Documentary fails to clarify what makes Wilders tick, say Dutch papers

Photo: Peter van der Sluijs via Wikimedia Commons

Not many journalists get to interview Geert Wilders, leader of the anti-Islam party PVV, except to talk about his love of cats or some other innocuous subject. American journalist Stephen Robert Morse was granted unprecedented access to the politician and followed in his footsteps for four months. Last night Viceland broadcast Morse’s documentary ‘Wilders’.

The documentary maker became interested in Wilders in the wake of the rise of Donald Trump and other populist leaders, he said in an interview with RTL Nieuws . ‘Wilders is the leader of a worldwide movement which started in the Netherlands.
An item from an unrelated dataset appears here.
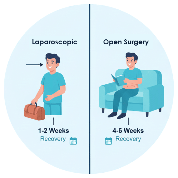 Most patients go home the same day or the next after surgery. Recovery time depends on the type of repair, but many patients return to light activities within 1–2 weeks and resume normal life in 4–6 weeks.
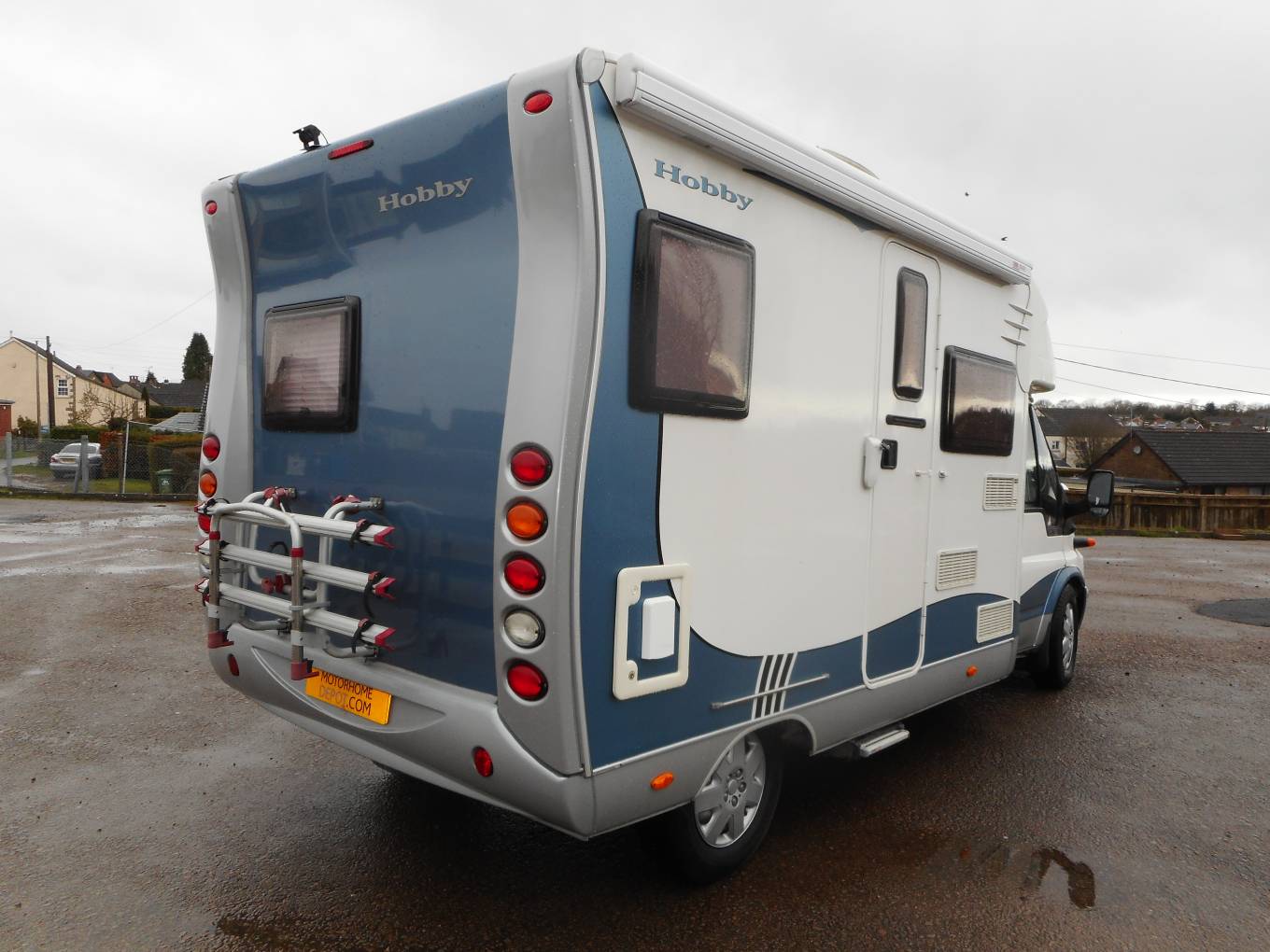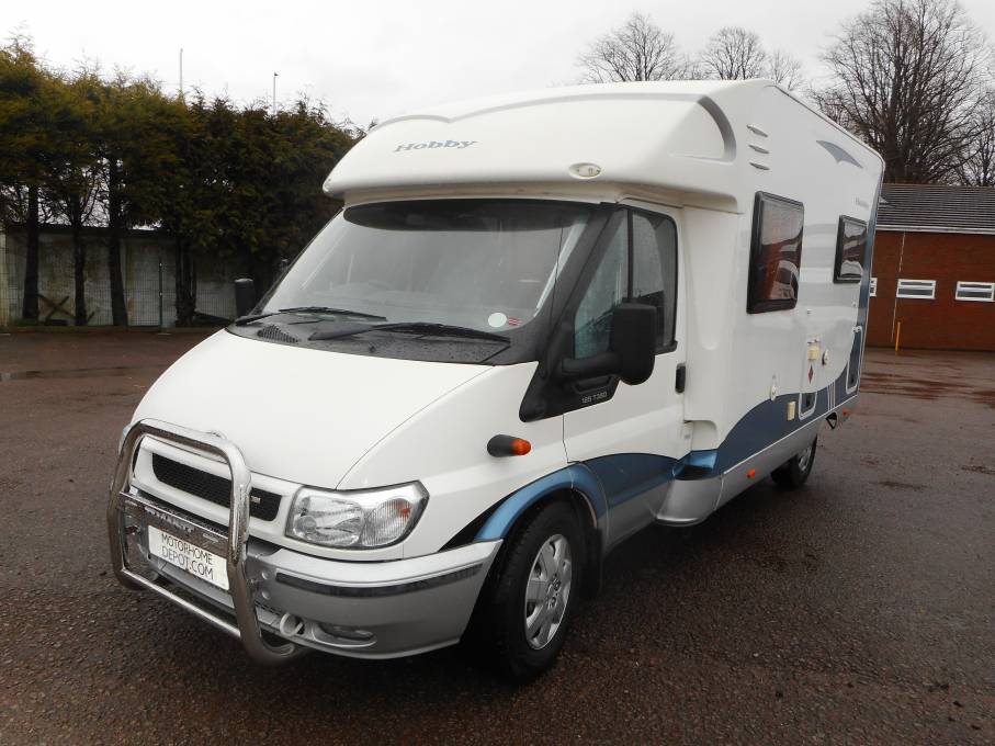 Located just outside Coleford in the Forest of Dean, Gloucestershire is this lovely example of the German built Hobby T555 motorhome. The Hobby marque has gained an enviable reputation for producing quality motorhomes and caravans for fifty years. The T555 illustrates that quality, packing comfort and refinement for a couple into its 5.84m length. There is a fixed double bed at the rear offering no hassle comfort and plenty of storage in eye-level lockers and access to the locker underneath. Adjacent is the bright, light and airy washroom which is very usable and offers a shower, sink and electric flush lavatory. A full hanging closet leads to the forward kitchen and dinette. The stylish kitchen has a three-burner gas hob, a built in Smev oven with grill, and a triple supply fridge with freezer box. The dinette opposite has two forward facing seats, both with travelling 3-point seat belts. The dining table will easily drop forming another double berth suitable for one or two small children. Both captains chairs swivel creating a very social feel in an area well-lit by natural light. There is ample storage inside the home with eye-level lockers and drawers. Heating and hot water is provided by the efficient Truma C6002EH combi boiler. For the driver is cab aircon, a reversing camera, power steering and a Ford entertainment system. Based on a Ford Transit 2L turbo diesel with a five speed gearbox that pulls the 3500kg MAM along with ease. The engine bay is spotless. There is a comprehensive service history and the low-profile outline proves to be economic to run. The MoT expires in November 2020. This Hobby T555 comes with a triple bike rack, Sigma alarm system, a 100W solar panel, gas bottle, removable carpets, and a SOG lavatory cassette system dispensing with the need for smelly chemicals. This is a meticulously maintained motorhome that is ready for new adventures. Please call Tonia or Martin for the full photo album and video.

He is a rising star and I wanted to show his influence,’ Morse said.

The documentary maker thinks Wilders, who is notoriously shy of Dutch journalists, said yes to his request almost immediately because he promised to portray him ‘honestly and without prejudice’.

Very open

Morse’s personal impression of Wilders is a non-committal ‘a man with good and bad qualities who cracks the odd joke’ and who is ‘very open’.

This openness notwithstanding the film has not much to offer to the Dutch viewer, says the NRC‘s Floor Boon who saw the film in Sheffield where it premiered in a half-filled cinema.

‘In spite of the ominous sounding score the film fails to put you on the edge of your seat. It’s a film that may be interesting to an outsider unfamiliar with Geert Wilders but in the Netherlands it won’t make much of a splash. Yes, the politician talks about his personal life, his childhood, his mother, his marriage. But the details he gives have been carefully chosen to fit the story he wants to tell,’ Boon writes.

Israel

As far as Wilder’s political stance is concerned, the film suggests that an incident during Wilders’ time in Israel when he was 17 may have been a key moment in his development, Boon writes.

Wilders tells the story of when he crossed the border with Egypt without a visa, helped by an Egyptian boy. As soon as they had arrived in Egypt the boy’s opinion about Israel flipped completely. He calls them beasts and accuses them of poisoning wells. ‘I saw hate in his eyes’, Wilders says. ‘How can a boy that age have so much hate in him?’.

Volkskrant critic Haro Kraak thinks Morse ‘milked’ his unique access to Wilders but failed to make good use of it. ‘Viewers were meant to feel they were getting incredibly close to Wilders but all they got was a heavily guarded and scripted walk in a park, a couple of uninteresting chats in the back of a car and a studio interview,’ Kraak writes.

Waning interest

Kraak also mentions Wilder’s comments about the hate-filled Egyptian boy. ‘If that moment really is the basis for his own hate then that would be tragically trivial. It is more likely that Wilders knew what the film maker wanted to hear. Or that he has convinced himself that this memory has formed him,’ Kraak writes.

Boon suggests the interest in Wilders might be waning. ‘If this documentary had been made a couple of years ago public interest would have been enormous. But the turn up in Sheffield was very low and there were no sparks during the run up to the broadcast in the Netherlands. Could it be that the Netherlands tired of Wilders?’ she asks.